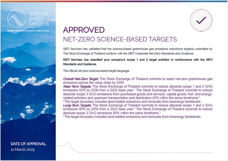 ทั้งนี้ การรับรองจาก SBTi ครอบคลุมการปล่อยก๊าซเรือนกระจกทั้ง 3 ขอบเขต ได้แก่ 1) การปล่อยก๊าซเรือนกระจกทางตรงจากกิจกรรมขององค์กร 2) การปล่อยก๊าซเรือนกระจกทางอ้อมจากการใช้พลังงาน และ 3) การปล่อยก๊าซเรือนกระจกทางอ้อมอื่นๆ ตลอดห่วงโซ่คุณค่า ทั้งนี้ เพื่อให้บรรลุเป้าหมายที่ตั้งไว้ ตลาดหลักทรัพย์ฯ ได้วางแผนการดำเนินงานครอบคลุมหลายด้าน อาทิ การเพิ่มสัดส่วนการใช้รถไฟฟ้าในการเดินทาง การปรับปรุงประสิทธิภาพการใช้พลังงานในอาคาร การพัฒนาการจัดซื้อจัดจ้างสีเขียว รวมถึงการร่วมพัฒนาแผนลดการปล่อยก๊าซเรือนกระจกกับคู่ค้า และการพัฒนาผลิตภัณฑ์และบริการที่สนับสนุนการลงทุนในธุรกิจที่เป็นมิตรต่อสิ่งแวดล้อมอย่างต่อเนื่อง
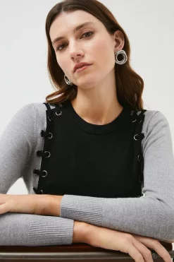 Budget 😍 Karen Millen Faux Leather And Ponte Long Sleeve Top 😀
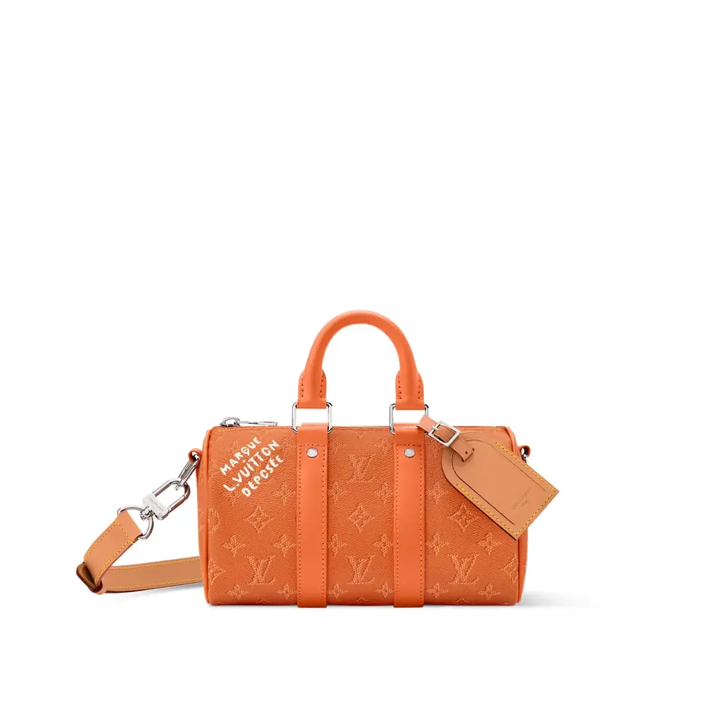 「Marque L. Vuitton Déposée」のシグネチャーが際立つモデルで、鮮やかな色合いが装いに華やかさを添えます。外観はクラシックなキーポルのフォルムを受け継ぎつつ、モダンなストラップ使いによってデイリーに合わせやすい仕様になっています。
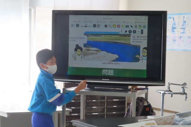 「流れる水のはたらき」の学習です。今日は、平地を流れる大井川の資料を見て、流れる水の働きが大きくなるのはどんなときなのか?予想をたてて、実験の方法を考えました。いろいろな予想が出ましたが、とても感心したのは、前回の実験(校庭の土の山に川をつくって水を流した)のときの様子とつなげて考えをもって説明した児童です(写真中)。友達から拍手がおこりました。この予想の共有から、実験方法を考えることができました。もちろん、「変える条件」と「変えない条件」を具体的にイメージしています。次時の実験が楽しみです。
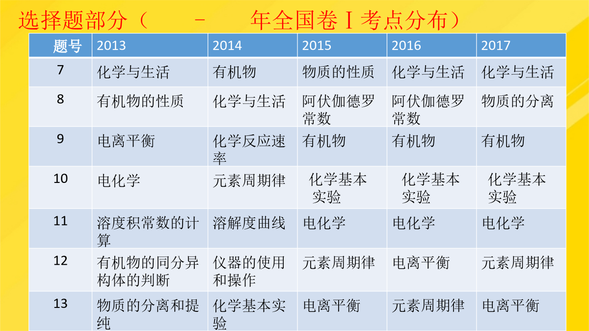 年高考化学试题分析及年高考一轮复习策略PPT文档
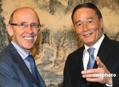 3月25日下午,中国国务院副总理王岐山在北京中南海紫光阁会见英国首相特使、贸易与投资国务大臣戴维斯。中新社发 任晨鸣 摄
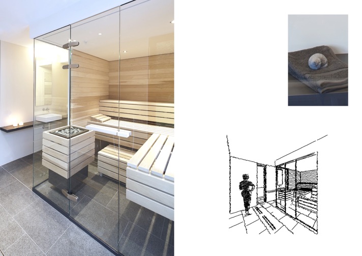 Die Positionierung und Gestaltung der Saunakabine im nur 15 qm großen Häuschen erlaubt Enblicke - Durchblicke - Ausblicke. Scheinbar schwebende Saunabänke bieten Bewegungsfreiheit und großzügige Verglasungen Aus- und Durchblicke in der spezialangefertigten Kabine.
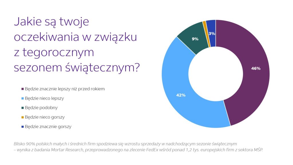 Blisko 90% polskich małych i średnich firm spodziewa się wzrostu sprzedaży w nadchodzącym sezonie świątecznym – wynika z badania Mortar Research na zlecenie FedEx przeprowadzonego wśród ponad 1,2 tys. europejskich firm z sektora MŚP.
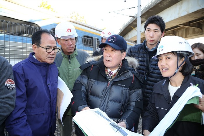 지난 13일 박홍섭 마포구청장(가운데)이 연남동에서 동교동으로 이어지는 경의선숲길 공원 공사현장을 찾아 관계자에게 진행상황을 보고받고 전기·통신 지중화 공사시 통행에 불편이 없도록 현장안내원을 배치하는 등 민원조치에 차질이 없도록 준비하며 안전하게 공사를 진행해 달라고 당부하고 있다. (사진제공=마포구청)
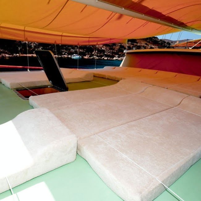 A large cushioned seating area, sunbathing area, and sunbathing cushions are available on the deck in sufficient quantity.
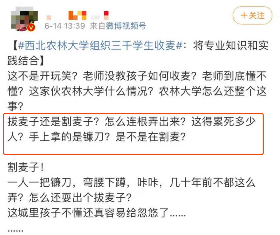 网友在点赞该校理论与实践结合的同时,却有人质疑校方有“作秀”之嫌,并批评部分同学不懂收割常识,将小麦“连根拔起”。

• [Prompt]:
The required output is the lines from the one containing "A large cushioned" through the end of the data, printed exactly, with no pictures.

• [Reply]:
 A large cushioned seating area, sunbathing area, and sunbathing cushions are available on the deck in sufficient quantity.
 网友在点赞该校理论与实践结合的同时,却有人质疑校方有“作秀”之嫌,并批评部分同学不懂收割常识,将小麦“连根拔起”。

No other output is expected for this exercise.